Department of Neuroscience and Integrative Molecular and Biomedical Sciences Graduate Program, Baylor College of Medicine, Houston, TX 77030, USA.
Department of Neurology, Perelman School of Medicine, University of Pennsylvania, Philadelphia, PA 19104, USA; Division of Neurology, Department of Pediatrics, The Children's Hospital of Philadelphia, Philadelphia, PA 19104, USA.
Am J Hum Genet. 2018 Jun 7;102(6):1158-1168. doi: 10.1016/j.ajhg.2018.04.012. Epub 2018 May 31.

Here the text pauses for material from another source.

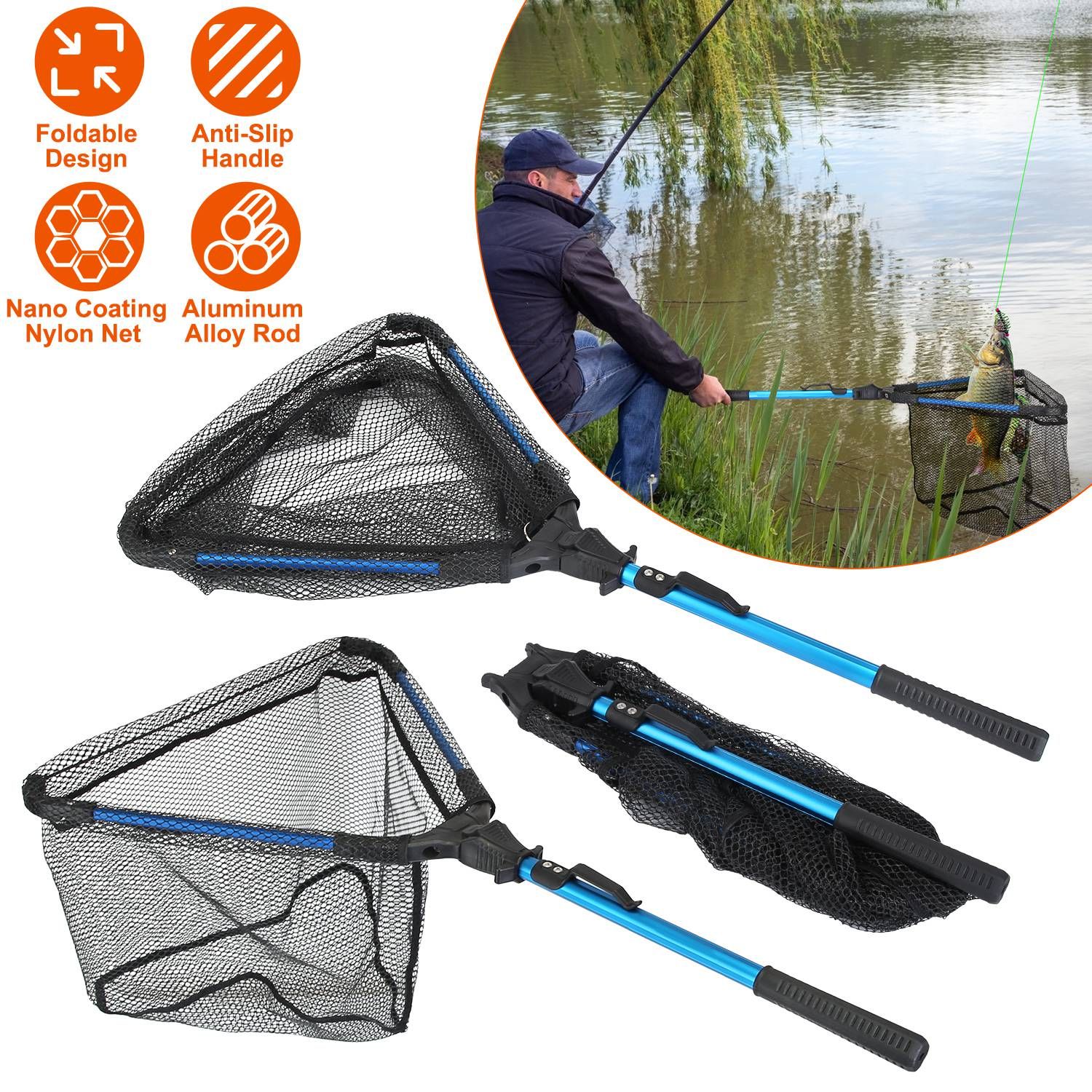 Foldable Fishing Net: With the folding size of 5.12x16.93x2.17in, our foldable fishing net can be conveniently carried or transported to anywhere you want. Just press and flip over the triangular net, easily fit in various fishing bags.
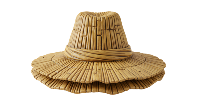 FARMING - Handwoven straw hat with wide brim isolated on white background, traditional summer sun hat perfect for outdoor activities

βIV spectrin links ankyrinG (AnkG) and clustered ion channels at axon initial segments (AISs) and nodes of Ranvier to the axonal cytoskeleton. Here, we report bi-allelic pathogenic SPTBN4 variants (three homozygous and two compound heterozygous) that cause a severe neurological syndrome that includes congenital hypotonia, intellectual disability, and motor axonal and auditory neuropathy. We introduced these variants into βIV spectrin, expressed these in neurons, and found that 5/7 were loss-of-function variants disrupting AIS localization or abolishing phosphoinositide binding. Nerve biopsies from an individual with a loss-of-function variant had reduced nodal Na channels and no nodal KCNQ2 K channels. Modeling the disease in mice revealed that although ankyrinR (AnkR) and βI spectrin can cluster Na channels and partially compensate for the loss of AnkG and βIV spectrin at nodes of Ranvier, AnkR and βI spectrin cannot cluster KCNQ2- and KCNQ3-subunit-containing K channels. Our findings define a class of spectrinopathies and reveal the molecular pathologies causing nervous-system dysfunction.
βIV spectrin 将 ankyrinG(AnkG)和聚集的离子通道连接到轴突起始段(AIS)和Ranvier 的节点,使其与轴突细胞骨架相连。在这里,我们报告了导致严重神经综合征的双等位基因致病性 SPTBN4 变体(三种纯合子和两种复合杂合子),该综合征包括先天性张力减退、智力障碍以及运动轴索性和听觉神经病。我们将这些变体引入βIV spectrin 中,在神经元中表达这些变体,并发现其中 5/7 种是功能丧失变体,破坏了 AIS 的定位或消除了磷酸肌醇结合。来自具有功能丧失变体的个体的神经活检显示,尽管 ankyrinR(AnkR)和βI spectrin 可以聚类 Na 通道,并部分补偿 AnkG 和βIV spectrin 在 Ranvier 节点处的缺失,但 AnkR 和βI spectrin 不能聚类包含 KCNQ2 和 KCNQ3 亚基的 K 通道。我们的研究结果定义了一类 spectrinopathy,并揭示了导致神经系统功能障碍的分子病理学。